BEGIN DATA

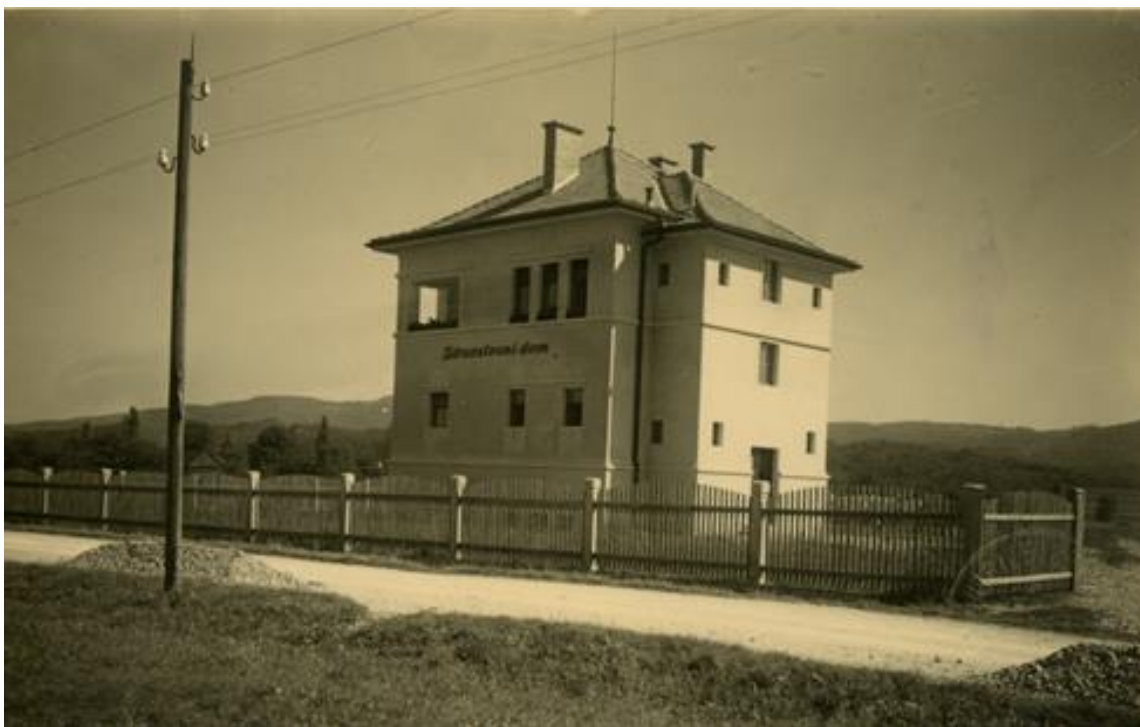
Stavba Zdravstvenega doma v Cerkljah ob Krki leta 1930.

V zdravstvenem domu je delovalo tudi ljudsko kopališče. Za odrasle je bilo odprto vsako soboto popoldne, za šolske in predšolske otroke po potrebi in v dogovoru z vodstvom šole. Za otroke je kopališče poslovalo brezplačno, odrasli so plačevali posebno pristojbino. V prvih treh letih je bila uporaba kopališča za vse, ki so z denarnimi sredstvi ali z delom prispevali k zgraditvi zdravstvenega doma, brezplačna. Posledično je bila uporaba kopališča v tem času zelo velika.
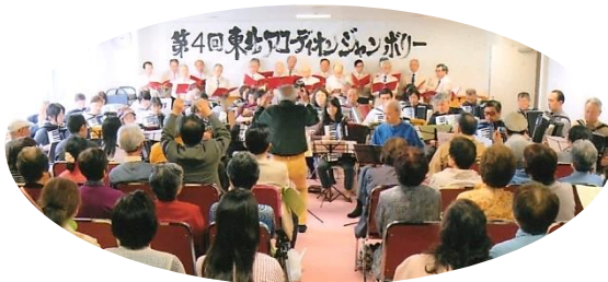
第4回東北アコジャンで東北との合同大合奏の様子
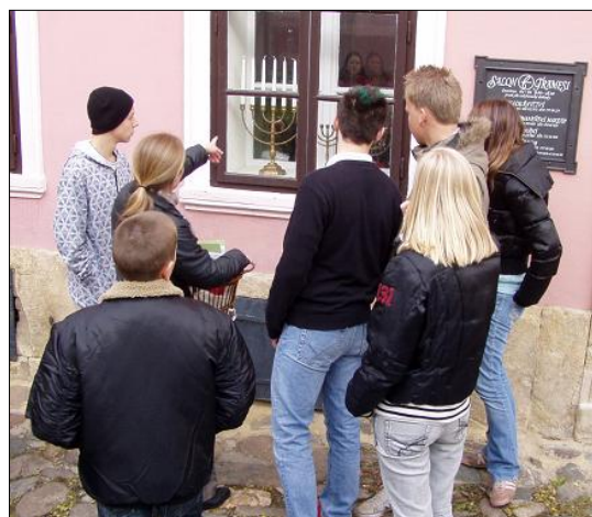
▲ Prohlídka sedmiramenného svícnu.
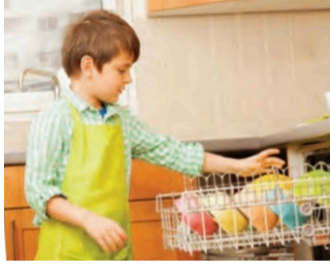
Görsel 4: Tuna Matbaacılık, 4. sınıf, s. 157.

Kitaplarda oğlan çocuklar ve erkeklerin cinsiyetçi kalıpların dışında temsil edildiği örneklerle yer veriliyor. Oğlan çocukların ev işi yaptığına, erkeklerin çocuk bakımını üstlendiğine ve ev işi yaptığına rastlıyoruz. Sosyal Bilgiler 4. sınıf ders kitabında (Tuna Matbaacılık) bulaşıkları makineye yerleştiren bir çocuk (s. 157), 6. sınıf ders kitabında (MEB Yayınları) çocuğuna yemek yediren bir baba (s. 27) ve 7. sınıf ders kitabında (MEB Yayınları) hep birlikte ev temizliği yapan bir aileyle (anne, baba, oğlan çocuk ve kız çocuk) karşılaşlıyoruz (s. 196).
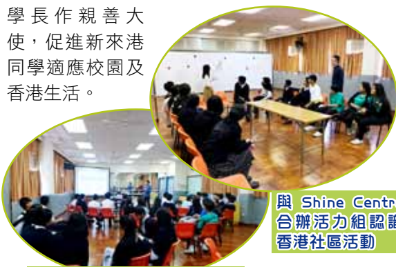
與 Shine Centre 合辦活力組認識 香港社區活動

活力組為新來港學童提供適切的支援，包括學習及生活適應，因此舉辦有關的學術課程，以提升新來港學童的學習能力及學業水平，也舉辦多元化的學習經歷活動，讓同學有更多機會認識香港社區，提升自信心。本年度推行多個項目，學習支援方面，舉辦中文繁體字及粵音訓練課程、英文增潤課程及課後功課輔導班；關顧及其他學習經歷方面，包括「朋輩關顧計畫」暨〈家·港·情〉活動計畫（校本課程），讓高年級的學長作親善大使，促進新來港同學適應校園及香港生活。
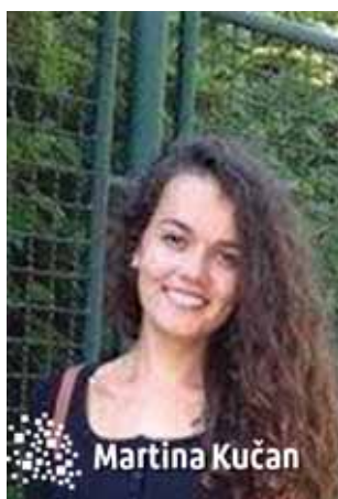
1. godina, Očna optika

Očekujem da ću se kroz praktični dio nastave kvalitetno pripremiti za buduće zvanje optometristice te da ću, također, usvojiti neke optičarske vještine. Za Veleučilište sam doznala preko starijih studentica koje su zadovoljne radom VVG-a te zanimanjem koje ću steći nakon završetka studija. Što se tiče nove akademske godine, očekujem nova poznanstva te nove
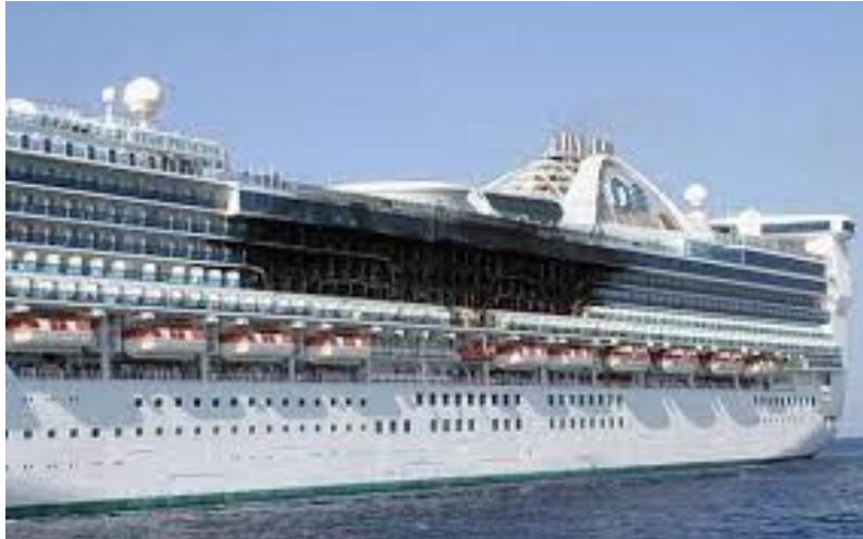
Slika 4. Star Princess nakon požara.

to nije bilo standardno na brodovima za kružna putovanja, a Star Princess nije imao nijedan sprinkler sustav na balkonima.
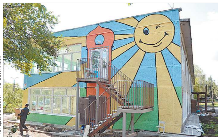
Ещё недавно эта типовая коробка в Первоуральске была не востребована...

В некоторых городах местные власти начали продуктивное сотрудничество с частными лицами, готовыми заняться организацией учреждений дошкольного образования. Нуж-
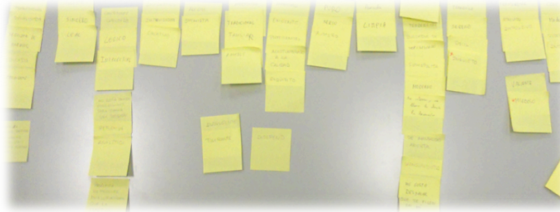
Diagrama de afinidad.

END DATA

What is needed is a verbatim copy of every entry, with the pictures omitted.

> [ANSWER FOR THIS EXERCISE]
Stavba Zdravstvenega doma v Cerkljah ob Krki leta 1930.

V zdravstvenem domu je delovalo tudi ljudsko kopališče. Za odrasle je bilo odprto vsako soboto popoldne, za šolske in predšolske otroke po potrebi in v dogovoru z vodstvom šole. Za otroke je kopališče poslovalo brezplačno, odrasli so plačevali posebno pristojbino. V prvih treh letih je bila uporaba kopališča za vse, ki so z denarnimi sredstvi ali z delom prispevali k zgraditvi zdravstvenega doma, brezplačna. Posledično je bila uporaba kopališča v tem času zelo velika.
第4回東北アコジャンで東北との合同大合奏の様子
▲ Prohlídka sedmiramenného svícnu.
Görsel 4: Tuna Matbaacılık, 4. sınıf, s. 157.

Kitaplarda oğlan çocuklar ve erkeklerin cinsiyetçi kalıpların dışında temsil edildiği örneklerle yer veriliyor. Oğlan çocukların ev işi yaptığına, erkeklerin çocuk bakımını üstlendiğine ve ev işi yaptığına rastlıyoruz. Sosyal Bilgiler 4. sınıf ders kitabında (Tuna Matbaacılık) bulaşıkları makineye yerleştiren bir çocuk (s. 157), 6. sınıf ders kitabında (MEB Yayınları) çocuğuna yemek yediren bir baba (s. 27) ve 7. sınıf ders kitabında (MEB Yayınları) hep birlikte ev temizliği yapan bir aileyle (anne, baba, oğlan çocuk ve kız çocuk) karşılaşlıyoruz (s. 196).
與 Shine Centre 合辦活力組認識 香港社區活動

活力組為新來港學童提供適切的支援，包括學習及生活適應，因此舉辦有關的學術課程，以提升新來港學童的學習能力及學業水平，也舉辦多元化的學習經歷活動，讓同學有更多機會認識香港社區，提升自信心。本年度推行多個項目，學習支援方面，舉辦中文繁體字及粵音訓練課程、英文增潤課程及課後功課輔導班；關顧及其他學習經歷方面，包括「朋輩關顧計畫」暨〈家·港·情〉活動計畫（校本課程），讓高年級的學長作親善大使，促進新來港同學適應校園及香港生活。
1. godina, Očna optika

Očekujem da ću se kroz praktični dio nastave kvalitetno pripremiti za buduće zvanje optometristice te da ću, također, usvojiti neke optičarske vještine. Za Veleučilište sam doznala preko starijih studentica koje su zadovoljne radom VVG-a te zanimanjem koje ću steći nakon završetka studija. Što se tiče nove akademske godine, očekujem nova poznanstva te nove
Slika 4. Star Princess nakon požara.

to nije bilo standardno na brodovima za kružna putovanja, a Star Princess nije imao nijedan sprinkler sustav na balkonima.
Ещё недавно эта типовая коробка в Первоуральске была не востребована...

В некоторых городах местные власти начали продуктивное сотрудничество с частными лицами, готовыми заняться организацией учреждений дошкольного образования. Нуж-
Diagrama de afinidad.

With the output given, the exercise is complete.